**** Given material ****

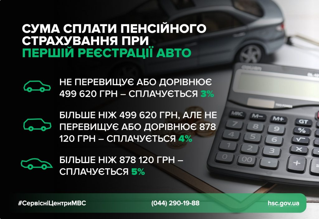 При першій державній реєстрації легкового автомобіля в Україні власник сплачує збір на державне пенсійне страхування. Цей платіж є одноразовим та обов’язковим як для нових транспортних засобів з автосалону, так і вживаних, що були ввезені з-за кордону, нагадали у МВС.
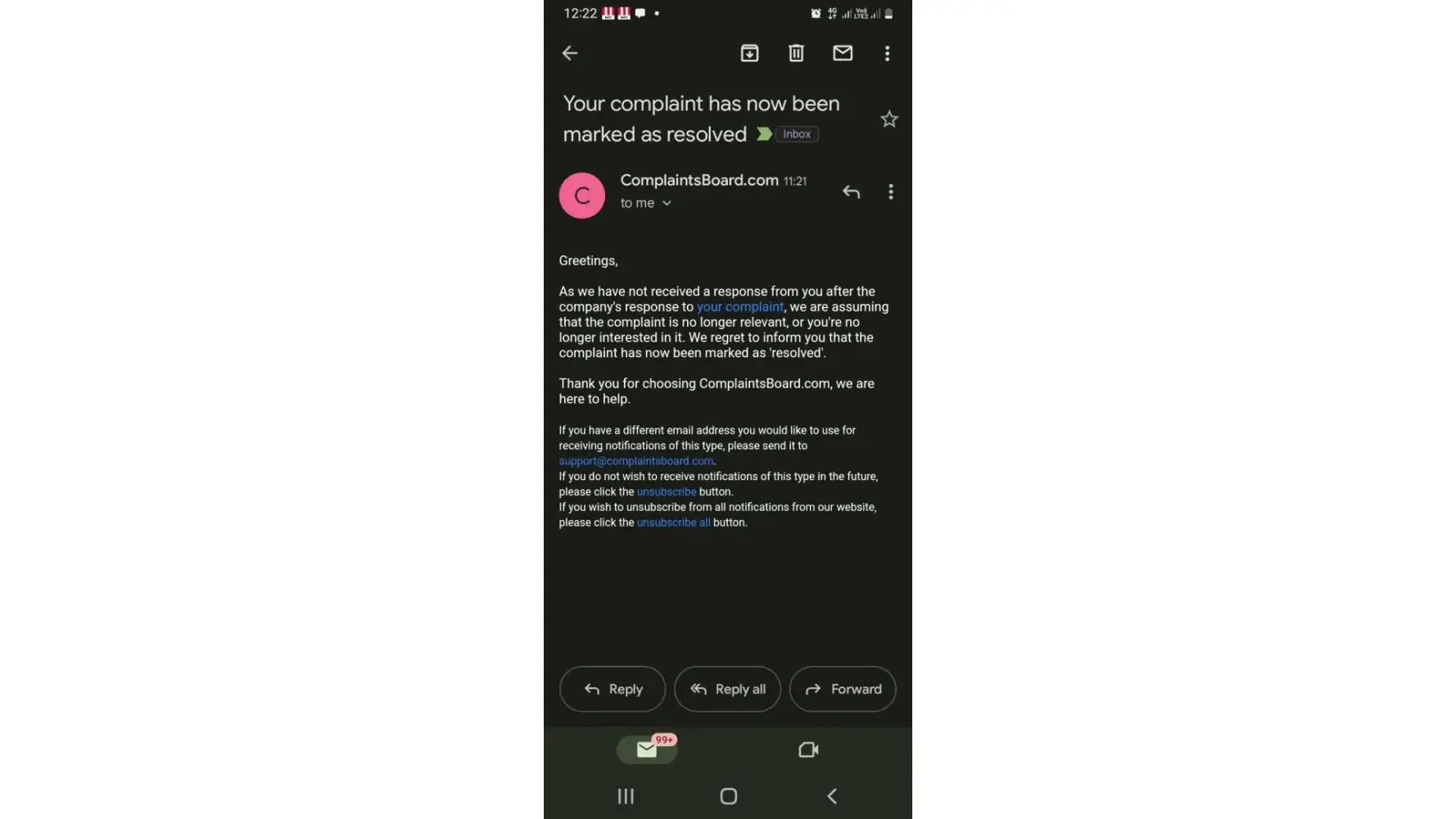 The complaint has been investigated and resolved to the customer’s satisfaction.
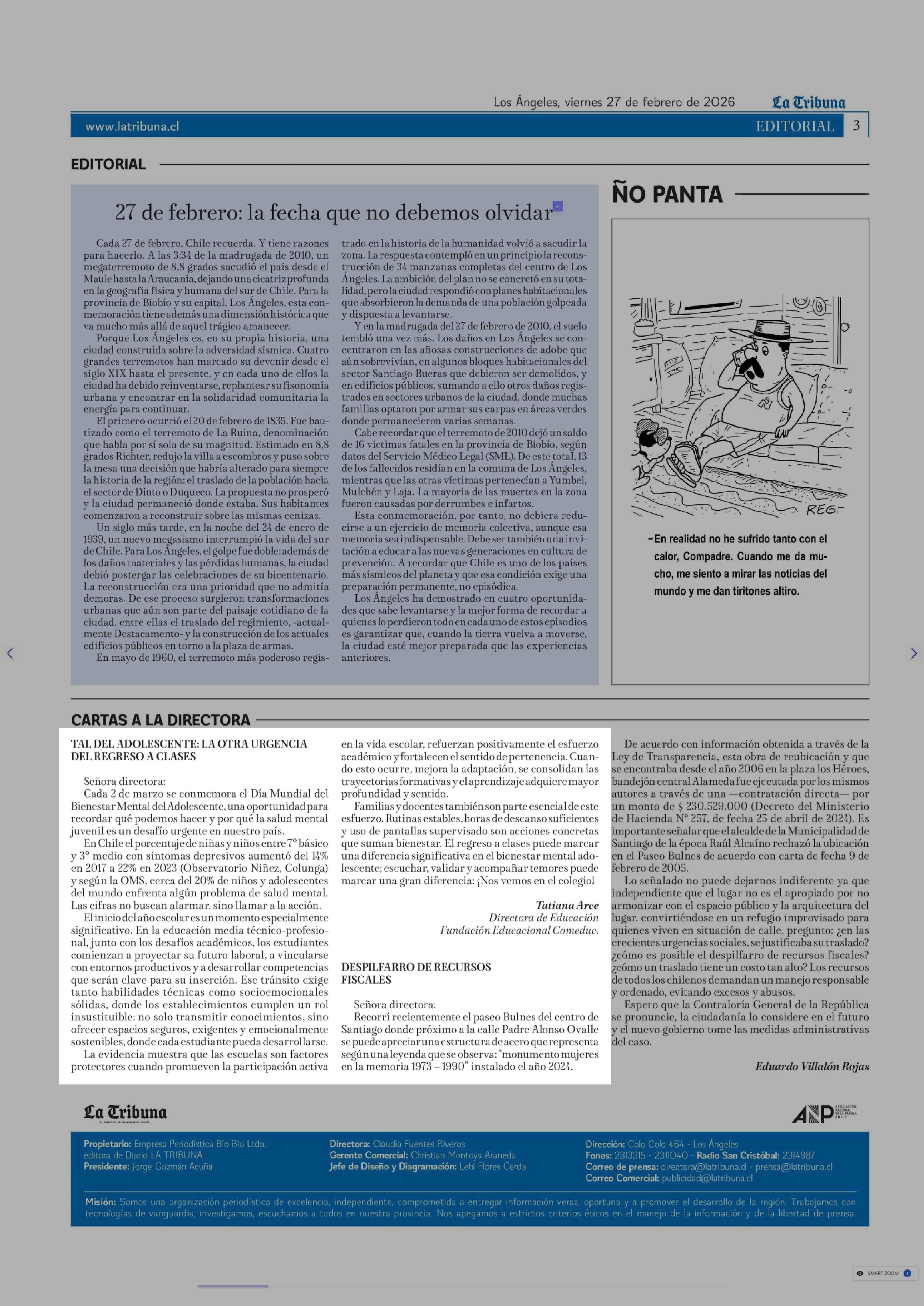 Cartas: TAL DEL ADOLESCENTE: LA OTRA URGENCIA DEL REGRESO A CLASES 27-02-2026 La Tribuna |
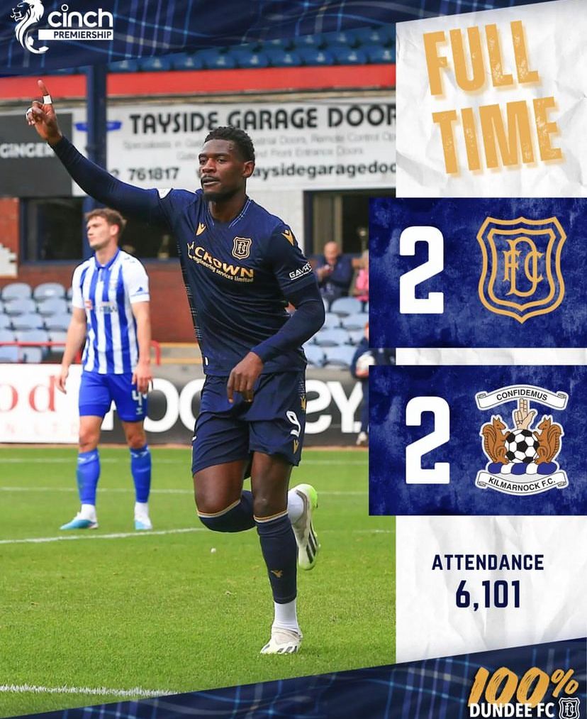 Sierra Leone Striker Amadou Bakayoko was on the Score Sheet as ten-man Dundee Football Club held a home draw against Kilmarnock FC on Saturday, 23 September 2023.

****

#### [Exercise]
Every line above should be transcribed word for word; leave the pictures out.

#### [Response for this exercise]
 При першій державній реєстрації легкового автомобіля в Україні власник сплачує збір на державне пенсійне страхування. Цей платіж є одноразовим та обов’язковим як для нових транспортних засобів з автосалону, так і вживаних, що були ввезені з-за кордону, нагадали у МВС.
 The complaint has been investigated and resolved to the customer’s satisfaction.
 Cartas: TAL DEL ADOLESCENTE: LA OTRA URGENCIA DEL REGRESO A CLASES 27-02-2026 La Tribuna |
 Sierra Leone Striker Amadou Bakayoko was on the Score Sheet as ten-man Dundee Football Club held a home draw against Kilmarnock FC on Saturday, 23 September 2023.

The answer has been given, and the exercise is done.